Abstract
Background:
Despite the complexity of SYNTAX score (SS), guidelines recommend this tool to help choosing between coronary artery bypass grafting (CABG) and percutaneous coronary intervention (PCI) in patients with left main of three-vessel coronary artery disease. The aim of this study was to compare the inter-observer variation in SS performed by clinical cardiologists (CC), interventional cardiologists (IC), and cardiac surgeons (CS).
Methods:
Seven coronary angiographies from patients with left main and/or three-vessel disease chosen by a heart team were analyzed by 10 CC, 10 IC and 10 CS. SS was calculated via SYNTAX website.
Results:
Kappa concordance was very low between CC and CS (k = 0.176), moderate between CS and IC (k = 0.563), and moderate between CC and IC (0.553). There was a statistically significant difference between CC, who classified more cases as low complexity (70%), and CS, who classified more cases as moderate complexity (80%) (p = 0.041).
Conclusion:
Concordance between SS analyzed by CC, CS and IC is low. The usefulness of SS in decision-making of revascularization strategy is undeniable and evidence supports its use. However, this study highlights the importance of well-trained professionals on calculating the SS. It could avoid misclassification of borderline cases.
Keywords
Introduction
Studies comparing coronary artery disease treatment with coronary artery bypass grafting (CABG) and percutaneous coronary intervention (PCI) showed superiority of CABG mainly in prevention of further interventions,1,2 especially in patients with anatomically complex lesions.

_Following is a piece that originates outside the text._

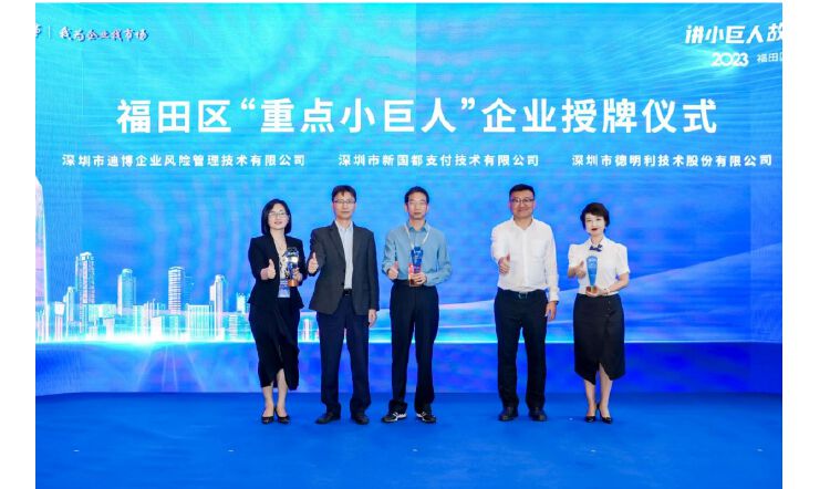 活动现场为深圳市迪博企业风险管理技术有限公司、深圳市德明利技术股份有限公司和深圳市新国都支付技术有限公司等3家获工信部重点支持的“小巨人”企业授牌,并举办了企业产销合作及融资合作签约仪式。

With the continuous development of new techniques and devices used in PCI, it became necessary to compare CABG and PCI in patients with more severe disease. The SYNTAX study compared the two treatment methods in patients with left main or three-vessel disease. 3 A score created to grade the anatomical complexity of coronary lesions showed that patients with less severe disease could be treated with both CABG and PCI, with similar results.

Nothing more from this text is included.